While most people understandably cheer the downfall of characters like Bo, arrogant, hypocritical, cruel, and greedy apparatchiks when they are in power, the political implications of their demise and the manner in which they are purged are not those of a morality play. On the contrary, how the powerful lose power and what happens to them afterwards can tell us a great deal about the nature of the political regime in which they thrive and perish. In the case of the current Chinese regime, the ugly purge of Bo reveals many of its dark sides: corruption, lawlessness, hypocrisy, and ruthlessness. Such qualities of a regime make it illegitimate and undermines its durability.  However, rarely do we view political power struggles from the perspective of a regime insider.

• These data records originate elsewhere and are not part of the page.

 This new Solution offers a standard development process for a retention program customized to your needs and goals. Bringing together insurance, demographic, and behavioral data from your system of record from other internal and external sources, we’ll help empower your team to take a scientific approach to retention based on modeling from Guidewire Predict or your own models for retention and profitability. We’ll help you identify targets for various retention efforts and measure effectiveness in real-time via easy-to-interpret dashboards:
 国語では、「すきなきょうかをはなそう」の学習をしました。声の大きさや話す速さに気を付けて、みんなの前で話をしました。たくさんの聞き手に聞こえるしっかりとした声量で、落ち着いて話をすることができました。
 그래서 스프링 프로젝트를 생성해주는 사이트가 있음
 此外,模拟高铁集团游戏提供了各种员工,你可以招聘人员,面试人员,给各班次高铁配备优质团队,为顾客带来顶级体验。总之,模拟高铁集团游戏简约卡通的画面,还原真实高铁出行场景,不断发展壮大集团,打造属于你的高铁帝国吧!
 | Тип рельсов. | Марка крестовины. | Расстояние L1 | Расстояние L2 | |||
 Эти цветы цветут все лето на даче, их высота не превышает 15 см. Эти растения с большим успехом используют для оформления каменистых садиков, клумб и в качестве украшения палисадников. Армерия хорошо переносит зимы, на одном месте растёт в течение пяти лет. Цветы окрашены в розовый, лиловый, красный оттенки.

As a result, we often fail to appreciate how the insecurity of top elites constitutes a fatal threat to the very regime that has made and unmade their political fortune.

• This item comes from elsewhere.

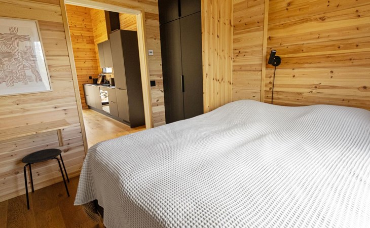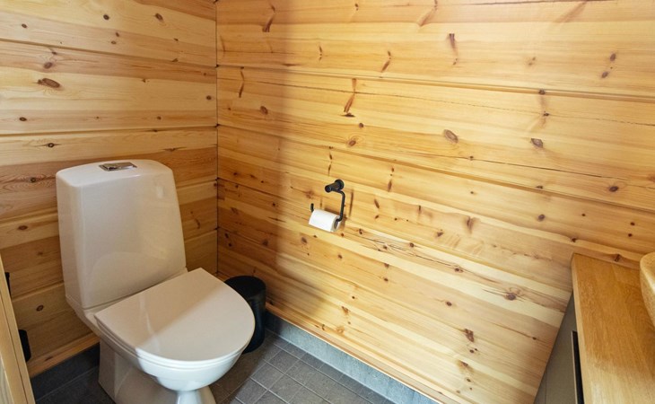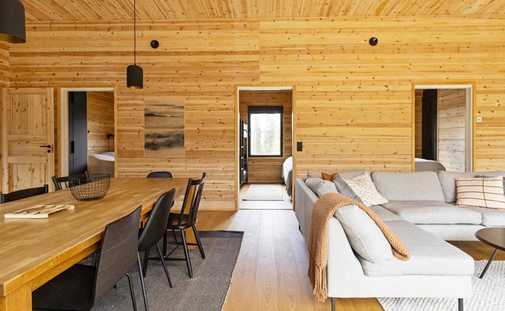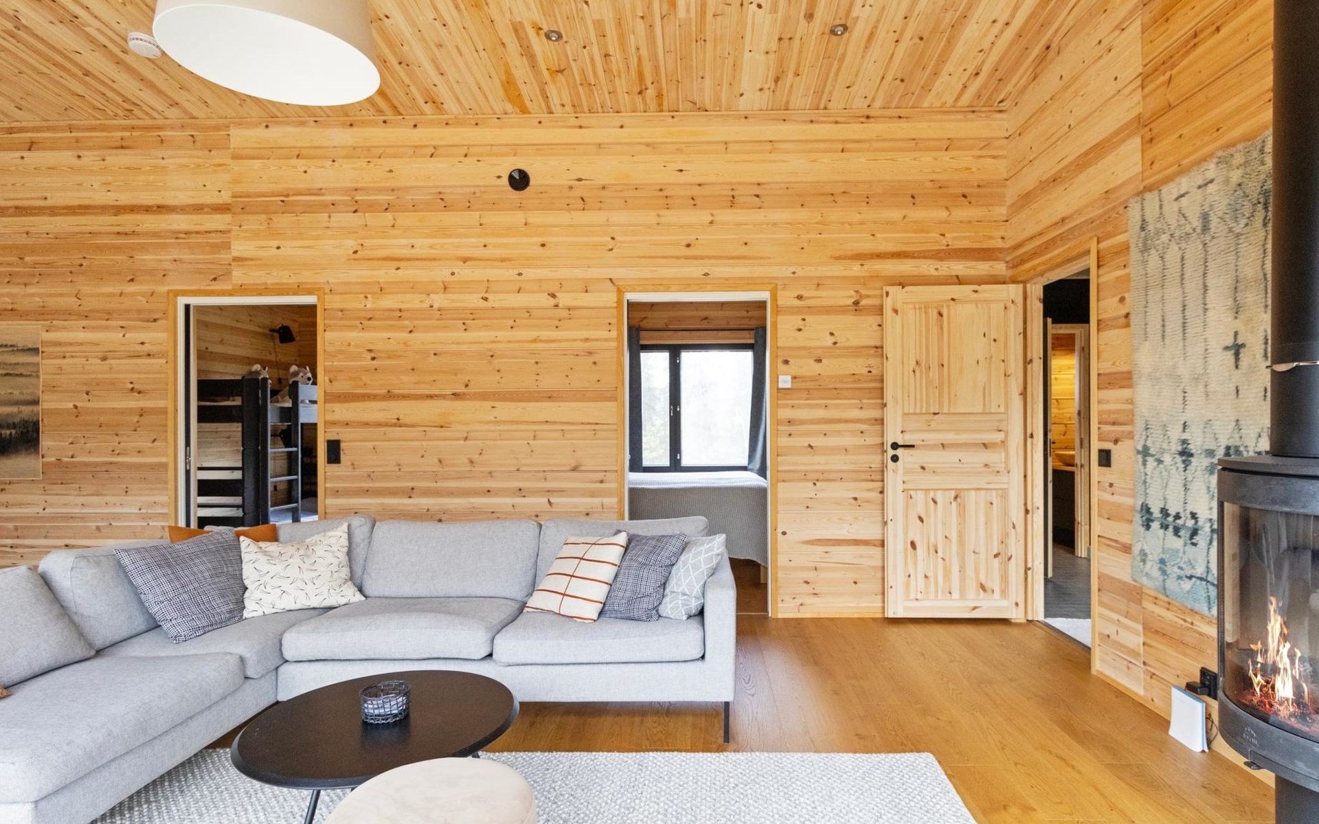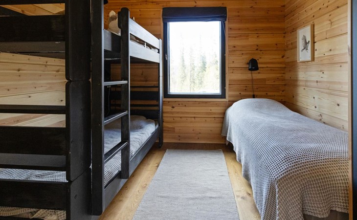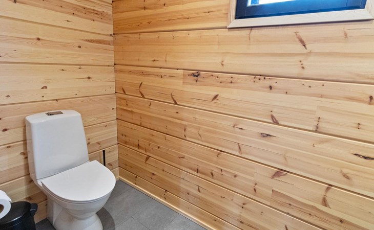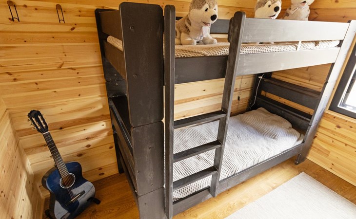 The cabin has three bedrooms with beds for seven. Blackout curtains in the bedrooms. One bedroom has a double bed, the second bedroom has 2 separate beds, and the third bedroom has a bunk bed and 1 separate bed. Large living room/kitchen, two WCs, spacious hall, dressing and housekeeping room, shower and sauna.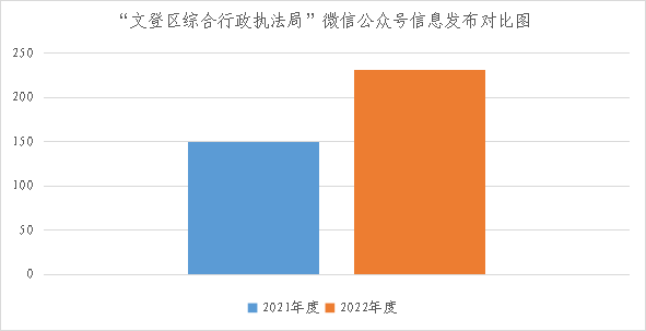 我局充分發(fā)揮區(qū)政府門戶網(wǎng)站第一平臺作用,以門戶網(wǎng)站為主要載體和公開平臺,圍繞群眾關(guān)心的熱點和難點問題,依法、主動、及時、準確公開政務(wù)信息,積極回應(yīng)社會關(guān)切。完善政務(wù)新媒體平臺建設(shè),依托“文登區(qū)綜合行政執(zhí)法局”微信公眾號及時對外發(fā)布最新工作動態(tài),設(shè)置便民服務(wù)、執(zhí)法先鋒、與法同行等版塊,第一時間回應(yīng)廣大群眾關(guān)心的熱點重點工作,全年共發(fā)布微信公眾號231篇。嚴格落實新聞發(fā)布制度,參加“我為群眾辦實事”新聞發(fā)布會和專題訪談共計2次,不斷提升我局宣傳工作成效。

Before we analyze the degree of insecurity of the ruling elites in contemporary China, it may be useful to refer to another era in which top elites of the Communist Party lived in constant fear for their lives and those of their families — the reign of Mao Zedong from 1949 to 1976.  The Maoist regime was a purge machine in perpetual motion.  Any member of the party’s hierarchy, regardless of his seniority or loyalty to Mao, was dispatched the instant he became a threat to Mao’s power.  No rules governed such purges.  In nearly all cases, the victims included not only the disgraced official, but also his innocent family members, who were thrown in jail or sent to labor camps.  Indeed, Bo’s family story during the Cultural Revolution was a typical case.  His father spent a decade in prison.  Bo himself was jailed, too, during the Cultural Revolution.  His mother committed suicide.

After the end of Maoist rule and the return of political sanity in China in the late 1970s, the party’s elders worked very hard to restore the party’s unity.  One keen insight they drew from the self-destructiveness of the Maoist era was that elite insecurity greatly exacerbated the power struggles at the top.  Besides the absence of a due process that could protect the basic rights of the members of the ruling elites, the degree of arbitrariness, unpredictability, and cruelty to which they and their families were subjected was horrific and inhumane.  These conditions meant that once a member of the top ruling elite lost power, he would lose everything, including his life and liberty and those of his family members.  This made the price of losing power infinite.  Thus, elites would fight with the utmost viciousness to avoid losing.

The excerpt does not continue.